Gambar 2.1 Tanaman Tebu
Terdapat lima spesies tebu, yaitu Saccharum spontaneum (glagah),
Saccharum sinensis (tebu Cina), Saccharum barberry (tebu India), Saccharum
robustum (tebu Irian) dan Saccharum officinarum (tebu kunyah). Karakteristik
morfologis tebu meliputi bentuk kerucut batang, susunan segmen paruh, bagian
agak datar, warna hijau kekuningan, batang memiliki lapisan lilin tipis, bentuk
kerucut pada tulang belakang. terbalik dengan 3-4 baris akar mata, warna daun
hijau kekuning-kuningan, lebar daun 4-6 cm, daun melengkung kurang dari ½
panjang daun [5].
2.1.1 Deskripsi Tanaman Tebu
1. Batang
Tanaman tebu memiliki batang tegak tanpa cabang. Batang tebu bisa
mencapai ketinggian 3 hingga 5 meter atau lebih. Tanaman tebu memiliki
warna hijau, merah tua, ungu atau kombinasi dari warna-warna ini. Pada batang
ada lapisan lilin putih agak keabu-abuan. Lapisan lilin biasanya ditemukan
pada tanaman muda.
4
2. Akar
Tanaman tebu memiliki sistem akar yang terdiri dari akar berserat hingga
1 meter. Ada 2 jenis akar di tebu ketika tebu masih dalam bentuk biji atau ketika
tebu masih muda, termasuk pucuk dan stek. Akar pucuk, seperti namanya,
berasal dari pucuk memiliki umur simpan yang panjang dan tetap selama tebu
terus tumbuh. Meskipun stek akar berasal dari stek batang tebu, stek akar tidak
bisa berumur panjang dan hanya ada saat tebu masih muda.
3. Daun
Daun tebu adalah daun yang tidak lengkap, hanya terdiri dari daun dan
pelepah, tanpa tangkai daun. Daun tanaman tebu berasal dari buku batang
tanaman tebu dalam posisi bergantian. Pelepah daun tanaman tebu akan
menjadi semakin sempit jika pelepah yang memeluk batang semakin tinggi.
Pada pelepah memiliki telinga daun, rambut dan penulangan bulu daun sejajar.
4. Bunga
Bunga-bunga yang terkandung dalam tebu adalah bunga tersusun atau
majemuk. Bunga tebu terdiri dari malai dengan pertumbuhan terbatas. Panjang
bunga majemuk bervariasi dari 70 hingga 90 cm. Setiap bunga di tanaman tebu
memiliki tiga daun kelopak, tiga benang sari, dua kepala putik dan satu
kelopak.
2.1.2 Klasifikasi Tanaman Tebu (Saccharum officinarum)

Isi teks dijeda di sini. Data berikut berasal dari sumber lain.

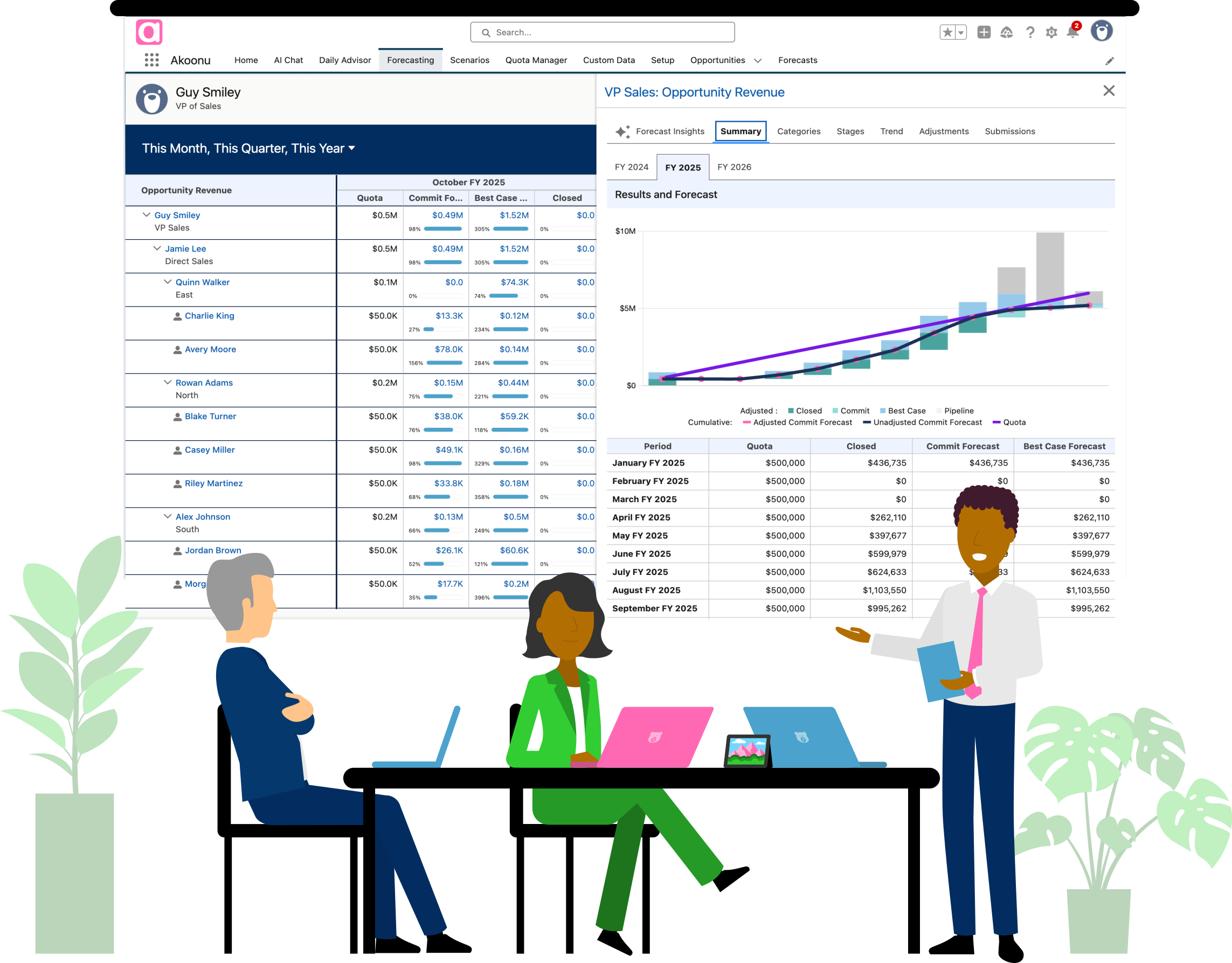 Forecasts Overlay by Akoonu transforms Salesforce Forecasts with a suite of intelligent tools that boost accuracy, efficiency, and clarity. Get rapid insights, built-in sales methodology support, operational efficiencies, and delightful user experiences.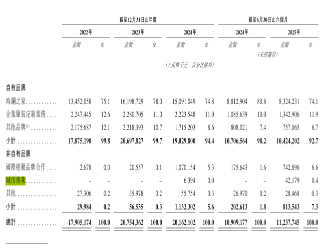 截至2025年9月底,公司全品牌门店数量为7241家。其中,直营门店2220家,占比达30.66%。线下的门店遍布31个省(自治区、直辖市),覆盖80%以上的县、市,并进一步拓展到东南亚海外市场。即使业绩倒退,截至目前,公司仍是唯一一个年收入突破人民币100亿元的中国男装品牌。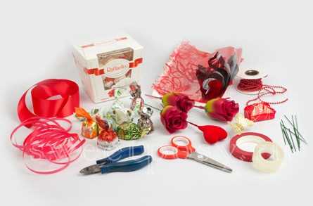 Придется также озаботиться острым ножом, различными предметами декора – сверкающими кристаллами, жемчужинами, стеклярусом, короче говоря, всем, что на ваш взгляд, будет соответствовать вашему маленькому шедевру. Нужно будет так же приобрести клей и самое главное: свежие цветы и декоративную зелень.

Tanaman tebu (Saccharum officinarum) memiliki klasifikasi sebagai
berikut:
Kingdom : Plantae (Tumbuhan)
Sub Kingdom : Tracheobionta (Tumbuhan berpembuluh)
Super Divisi : Spermatophytina (Menghasilkan biji)
Divisi : Magnoliophyta (Tumbuhan berbunga)
Kelas : Liliopsida (Berkeping satu)
Sub Kelas : Commelinidae
Ordo : Poales
Famili : Poaceae (Suku rumput-rumputan)
Genus : Saccharum
Spesies : Saccharum offinarum L.
5
2.2 Proses Pengolahan Tebu
Gambar 2.2 Proses Pengolahan Tebu [6]
a. Proses Pengolahan Awal
Setelah tebu dipanen, kemudian tebu dikirim ke pabrik sesegera
mungkin untuk menjaga kualitas tebu. Apabila truk pengangkut tebu telah
sampai di area pabrik, truk beserta tebu akan ditimbang terlebih dahulu. Tebu
dari truk pengangkut akan dipindahkan ke dalam cane carrier, dari cane
carrier tebu dibawa masuk ke dalam cane leveller. Lalu setelah dari cane
leveller tebu akan masuk ke cane cutter yang akan dipotong dan dicacah lebih
halus lagi.
Pada bagian ini, kualitas tebu yang akan digiling akan disiapkan.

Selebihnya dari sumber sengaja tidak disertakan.